# Double honorific



## idialegre

If I invite someone to try some food, I would say

 드셔  보십시오 !

Is this correct? Specifically, I am concerned about the "double honorific", i.e., the syllable -시- which occurs in  드시다 and then again in 보십시오. Is that admissible?

Thanks for your help!


----------



## oloekis

idialegre said:


> If I invite someone to try some food, I would say
> 
> 드셔 보십시오 !
> 
> Is this correct? Specifically, I am concerned about the "double honorific", i.e., the syllable -시- which occurs in 드시다 and then again in 보십시오. Is that admissible?
> 
> Thanks for your help!


 

There are actually triple honorific in the sentence. 
First, "들다", is an honorific of "먹다(to eat)". 
Second and third, -시- as in 드시다 and 보시다 is also an honorific ending for subject in the sentence. 
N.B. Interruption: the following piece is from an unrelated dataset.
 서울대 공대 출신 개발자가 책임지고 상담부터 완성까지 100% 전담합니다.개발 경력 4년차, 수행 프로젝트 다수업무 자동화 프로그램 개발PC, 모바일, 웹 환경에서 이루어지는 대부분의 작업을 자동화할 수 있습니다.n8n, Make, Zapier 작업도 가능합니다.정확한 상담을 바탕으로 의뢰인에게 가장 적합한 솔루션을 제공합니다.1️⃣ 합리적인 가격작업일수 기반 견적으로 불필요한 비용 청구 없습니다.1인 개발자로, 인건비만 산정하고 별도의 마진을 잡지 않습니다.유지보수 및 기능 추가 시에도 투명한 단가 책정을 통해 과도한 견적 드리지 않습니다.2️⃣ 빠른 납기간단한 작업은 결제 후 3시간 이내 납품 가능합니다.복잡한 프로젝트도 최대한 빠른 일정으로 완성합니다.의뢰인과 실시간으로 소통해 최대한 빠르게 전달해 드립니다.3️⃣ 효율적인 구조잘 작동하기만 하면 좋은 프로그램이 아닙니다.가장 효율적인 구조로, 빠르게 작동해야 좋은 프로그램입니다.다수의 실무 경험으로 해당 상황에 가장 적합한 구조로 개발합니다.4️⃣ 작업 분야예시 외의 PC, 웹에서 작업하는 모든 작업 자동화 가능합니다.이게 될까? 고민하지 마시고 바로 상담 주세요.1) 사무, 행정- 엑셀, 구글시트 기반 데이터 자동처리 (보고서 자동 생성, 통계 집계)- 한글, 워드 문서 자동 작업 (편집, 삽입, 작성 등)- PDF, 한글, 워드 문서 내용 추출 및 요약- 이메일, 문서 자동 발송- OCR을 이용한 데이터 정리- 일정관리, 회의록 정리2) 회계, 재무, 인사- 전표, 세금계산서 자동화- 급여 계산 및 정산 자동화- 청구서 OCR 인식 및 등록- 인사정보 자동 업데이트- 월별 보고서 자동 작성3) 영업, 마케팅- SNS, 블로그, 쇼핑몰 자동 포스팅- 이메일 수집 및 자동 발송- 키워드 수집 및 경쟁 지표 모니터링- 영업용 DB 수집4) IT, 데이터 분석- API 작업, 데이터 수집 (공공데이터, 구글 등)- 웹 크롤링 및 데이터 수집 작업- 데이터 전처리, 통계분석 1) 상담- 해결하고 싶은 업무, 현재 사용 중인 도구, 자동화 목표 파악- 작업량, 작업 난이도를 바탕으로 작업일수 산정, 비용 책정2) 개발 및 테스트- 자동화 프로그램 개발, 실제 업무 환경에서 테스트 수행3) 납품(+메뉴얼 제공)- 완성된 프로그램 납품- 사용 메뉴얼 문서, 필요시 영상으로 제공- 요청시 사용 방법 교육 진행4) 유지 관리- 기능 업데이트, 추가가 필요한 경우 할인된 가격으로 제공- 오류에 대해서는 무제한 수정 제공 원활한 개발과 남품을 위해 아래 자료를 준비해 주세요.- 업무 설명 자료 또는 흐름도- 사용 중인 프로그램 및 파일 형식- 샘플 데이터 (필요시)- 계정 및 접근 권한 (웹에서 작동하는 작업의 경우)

It's not always wrong to use a lot of honorifics in the sentence by the way. It's general to use -시- in the last predicate in a sentence, but also -시- can be used in the other predicate as well, according to the national academy of Korean language. 

But using a lot of honorifics in a sentence can be wrong because It's rather not really respectful if you use it too much and also because It's not always natural to use -시- in all predicate. 

Thus, it seems alright to use honorifics depending on how you would feel whether the honorific is too much or not, and also on whether the use of -시- is natural or not. It sounds almost impossible for foreigners to feel/know, though. 

As for the sentence "드셔 보십시오", even though there are a lot of honorifics, it is totally natural to hear. And It seems it doesn't have too much honorifics, although it does have a lot of honorifics in the sentence. So you can say it without problem


----------



## idialegre

감사합니다, littlemonyou!


----------



## AlJaahil

As I understand it, using too many honorifics can sound sarcastic - as when I was young my father would sometimes tell me to do something by "asking" me if "the young gentleman would be so kind as to..."


----------



## idialegre

AlJaahil said:


> As I understand it, using too many honorifics can sound sarcastic - as when I was young my father would sometimes tell me to do something by "asking" me if "the young gentleman would be so kind as to..."



Haha , that's cute.


----------



## terredepomme

From the most honorific to the least:
드셔보십시오
드셔봐요
먹어봐요
먹어봐

There should be no spaces, by the way.


----------



## wildsunflower

You can say "들어보십시오", "들어보셔요" or "들어봐요". To me, they sound less honorific and more natural than "드셔보십시오" and "드셔봐요". Actually, "드셔봐요" sounds a bit awkward to my ears.


----------